Retailers have already interpreted these indicators as signs that high-income consumers are closing their wallets. Major U.S. electronics retailer Best Buy and home improvement retailer Lowe's have lowered their year-end sales forecasts. They expect reduced purchases of high-priced products like electronics this Black Friday due to cutbacks in middle and upper-class spending. The U.S. department store chain Kohl's reported a seven-year consecutive decline in overall sales despite generating significant profits through collaboration with cosmetics retailer Sephora. Losses from decreased high-end product sales at department stores offset the gains from Sephora.
High-Income Consumers Driving Sales Face Income Cuts Due to Restructuring... A Signal of Consumption Slowdown
This year, consumption by the middle and upper classes has shown an unusual pattern, contrasting with the rising trend in U.S. consumption indicators since the pandemic. Despite recession concerns, U.S. retail sales rose for four consecutive months from May to September. U.S. retail sales are a key indicator that investors watch closely as they reflect Americans' spending power amid recession fears. The retail sales indicator rose after the pandemic due to a severe labor shortage that caused rapid wage increases for low-wage workers.
Shoppers in New York are walking along Fifth Avenue, New York's shopping street, on Black Friday. [Image source=Bloomberg]
However, unlike low-income groups, the middle and upper classes had no choice but to tighten their belts this year. This is because large IT companies, known for paying high salaries, began restructuring after the pandemic, leading to a surge in unemployment among the middle and upper classes. The mass layoffs significantly reduced incomes in these groups. According to the U.S. Census Bureau, the median household income in the U.S., mostly composed of college graduates, fell 4.9% year-over-year to $118,000. This decline is twice the average income decrease across all workers.
As a result, retailers expect dark clouds over Black Friday sales this year. Experts explain that middle and upper classes with annual incomes exceeding $100,000 have driven much of the U.S. spending more than previously anticipated. During the pandemic, when outings were restricted, these groups supported U.S. retailers' sales through online shopping. According to Bloomberg, companies selling high-end products like Coach and Apple enjoyed a boom thanks to high-income consumers during the pandemic. However, with their spending declining toward the end of the year, it seems unlikely that this year will see the same boom.
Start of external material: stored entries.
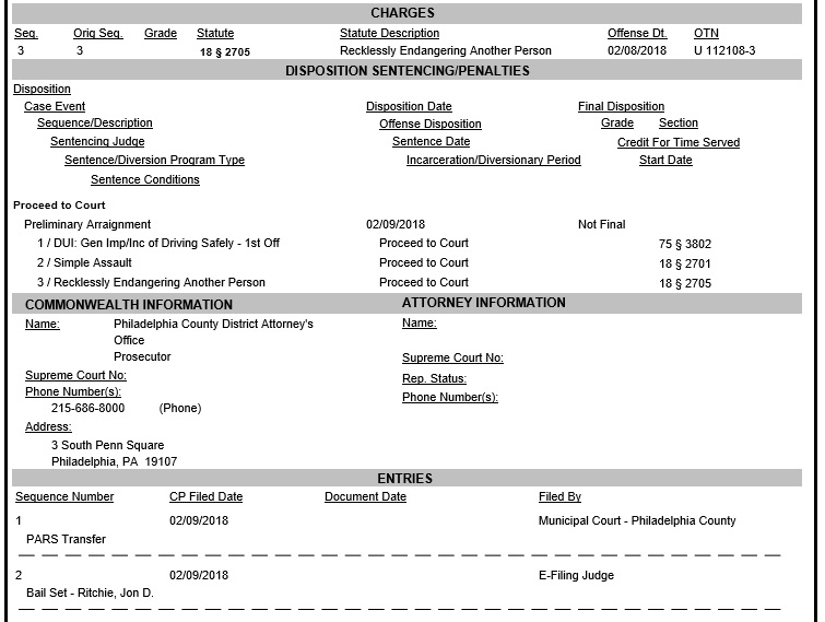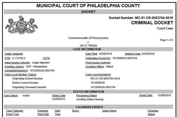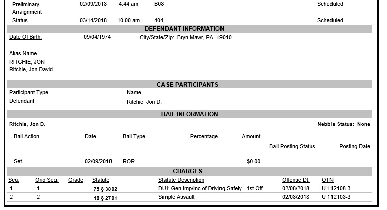 According to the court docket, Ritchie was arrested by Pennsylvania State Police then released on his own recognizance (ROR), which is when there’s no bail payment and you agree to return to court when ordered. In this case, that’s March 14th, a status hearing at Philadelphia Municipal Court.
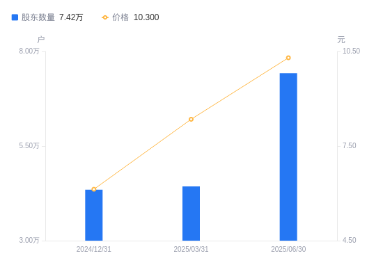 日期A股户数(户)流通A股户均持股数(股)户均持股市值(万元)2025-09-301927083592.798.742025-06-30742399326.099.612025-03-314436015607.7413.032024-12-314348015923.639.762024-09-304547715224.3910.812024-06-303899217756.459.072024-03-314293116127.2611.552024-02-294360615877.6212.052023-12-314150914953.6614.622023-09-304590013523.1314.44
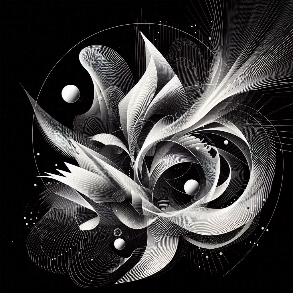 A digital art piece with an abstract design, featuring lines, curves, and circles in a black and white color scheme.
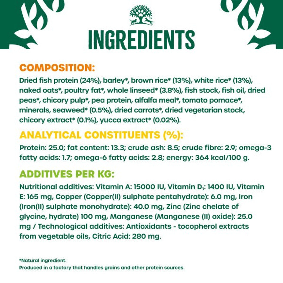 dried fish protein (24%), barley*, brown rice* (13%), white rice* (13%), naked oats*, poultry fat*, whole linseed* (3.8%), fish stock, fish oil, dried peas*, chicory pulp*, pea protein, alfalfa meal*, tomato pomace*, minerals, seaweed* (0.5%), dried carrots*, dried vegetarian stock, chicory extract* (0.1%), yucca extract* (0.02%). *Natural ingredient.
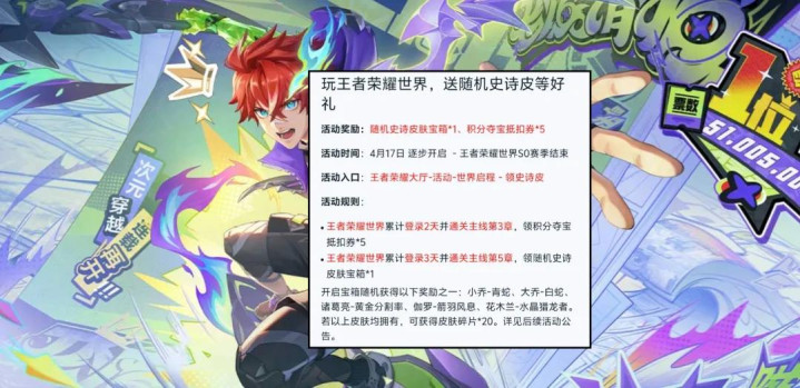 具体参考上图,即是游玩王者寰球,累计登录达到3天并通过干线5章后,不错获得积分夺宝券*5、立时史诗皮肤礼包*1,相称于给了咱们白嫖史诗的契机。
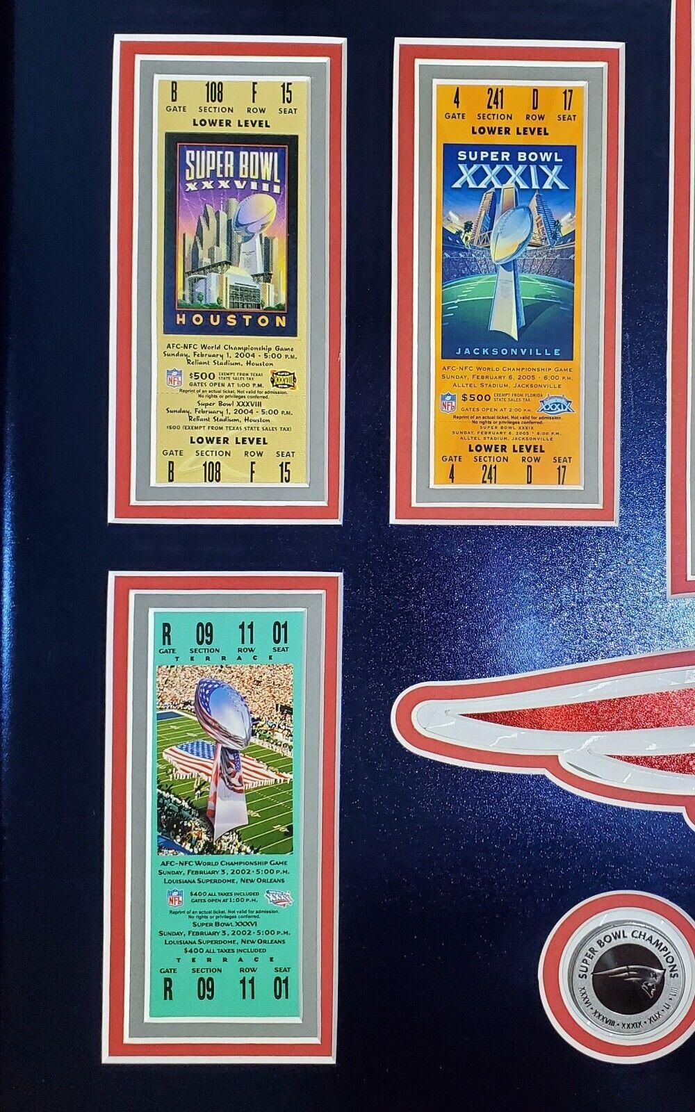 - Includes (6) replica Super Bowl tickets Commemorating each of Tom Bradys Super Bowl wins while with New England.

Moreover, the recent slowdown in wage growth among low-wage workers, who have supported overall U.S. retail sales, signals a general consumption slowdown in the U.S. This means that even low-income groups are unlikely to open their wallets this Black Friday.
The U.S. is a country where private consumption accounts for nearly 70% of gross domestic product. Although consumption slowdown is currently most noticeable among the middle and upper classes, if this trend expands, it could deal a significant blow to the overall U.S. economy. This gloomy Black Friday could be seen as a harbinger of the U.S. consumption slowdown.